Bali set to make travel for New Zealanders cheaper in bid to boost tourism

The tourist hotspot will soon be axing its visa-on-arrival cost for Kiwis and citizens of other countries which could save some families hundreds of dollars each.
The tourist hotspot will soon be axing its visa-on-arrival cost for Kiwis and citizens of other countries which could save some families hundreds of dollars each. Photo credit: Getty Images

A trip to Bali is a classic Kiwi getaway and the Indonesian Government is set to make the island paradise cheaper for New Zealand holidaymakers.   

Currently, visitors have to pay just over NZ$50 per person to buy a 30-day visa.  

The tourist hotspot will soon be axing its visa-on-arrival cost for Kiwis and citizens of other countries which could save some families hundreds of dollars each.   

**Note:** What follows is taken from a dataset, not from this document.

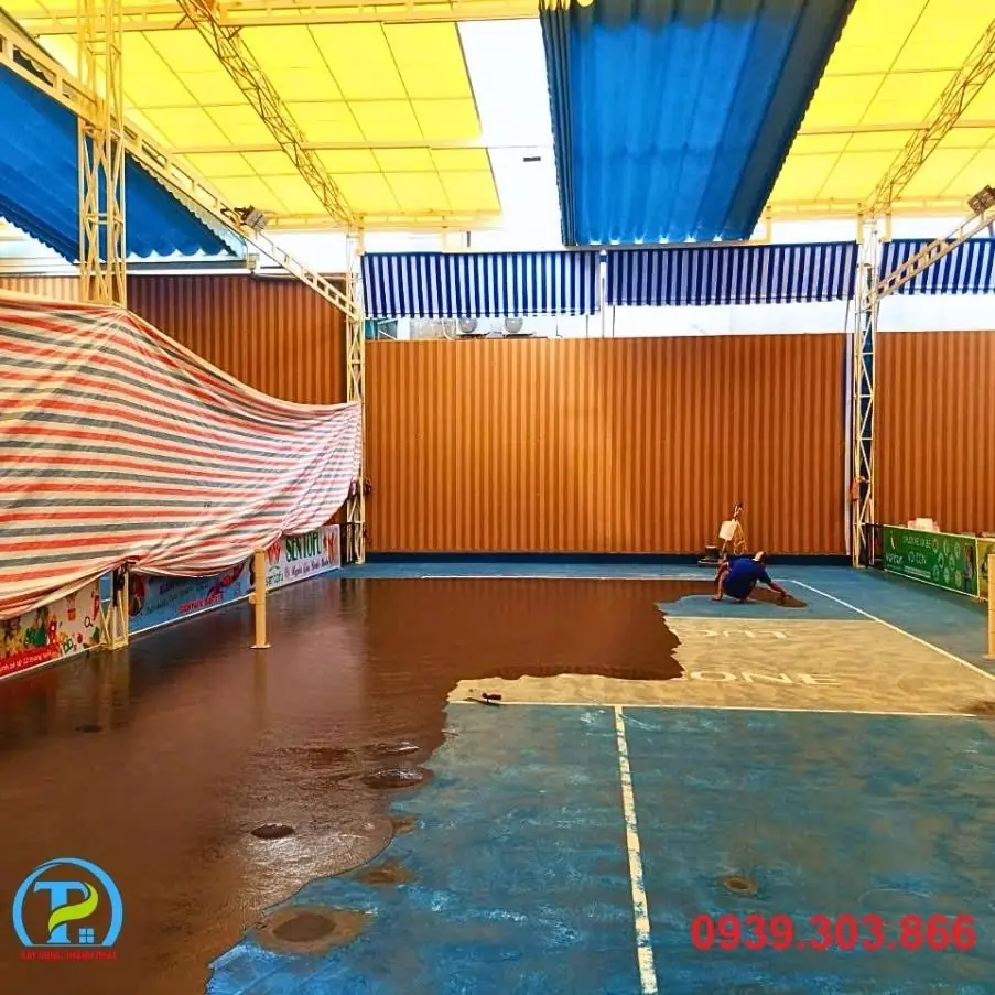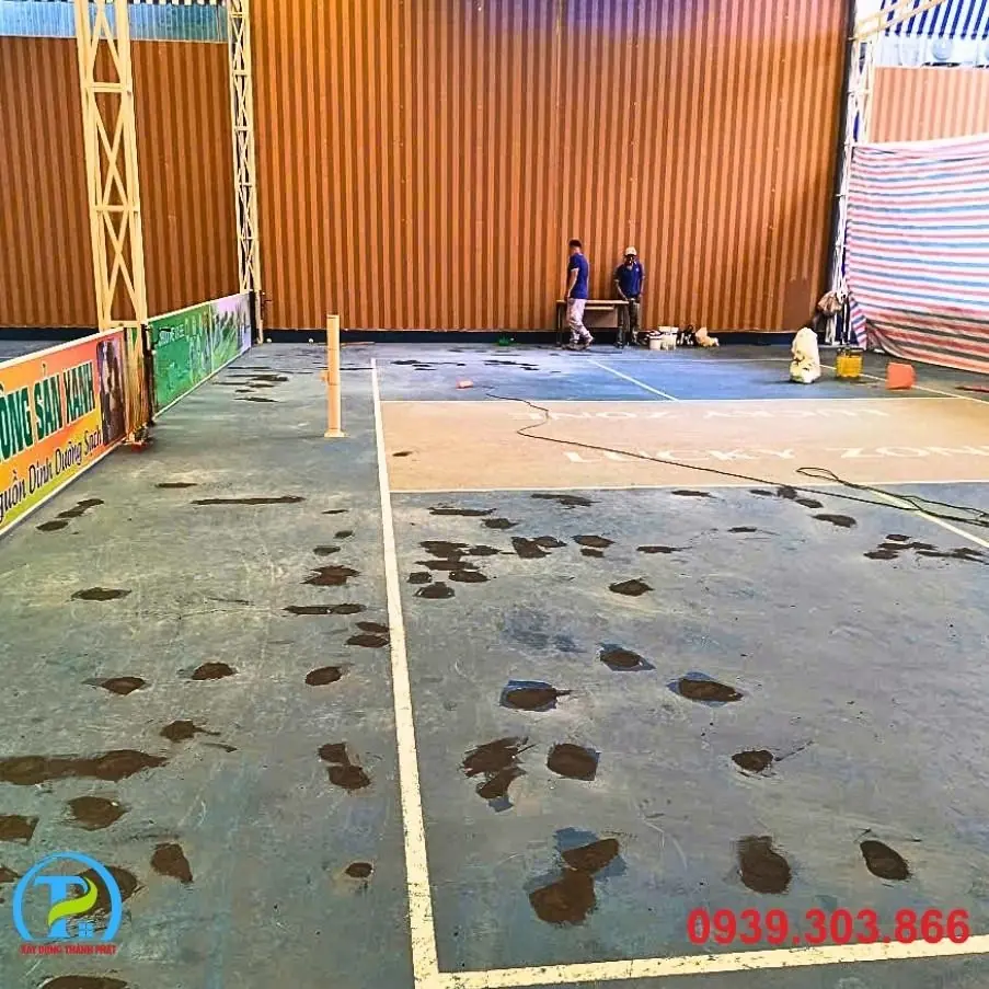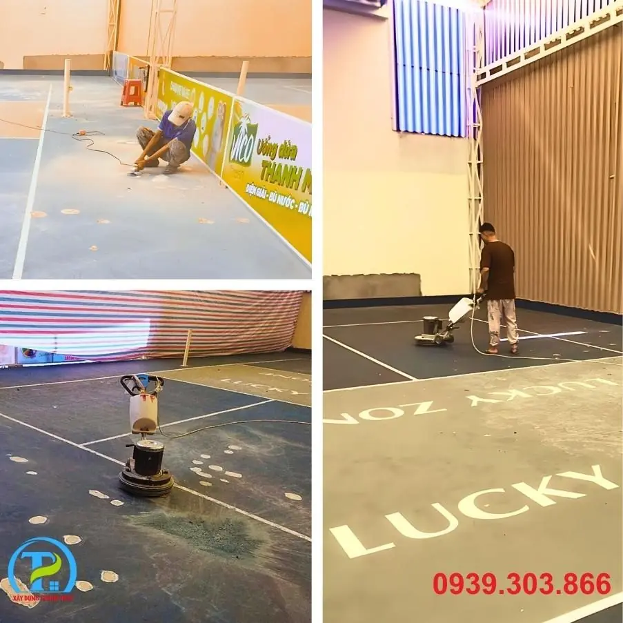 - Xử lý nền: Tiến hành mài, vá, và làm sạch toàn bộ bề mặt hiện có. Đảm bảo mặt nền đạt độ phẳng và độ dốc tiêu chuẩn để thoát nước tốt, tránh đọng nước trên sân.

In June, the Indonesian Department of Immigration formally scrapped the visa-free travel program for travellers from 159 countries and, in its place, rolled out the visa-on-arrival program which charged travellers from 98 countries for a 30-day visa.  

Indonesia's Tourism and Creative Economies Minister Sandiaga Uno told the Bali Sun that the visa-free programme would soon be expanded to "20 countries with the highest number of foreign tourists outside of countries that have visa-free visits".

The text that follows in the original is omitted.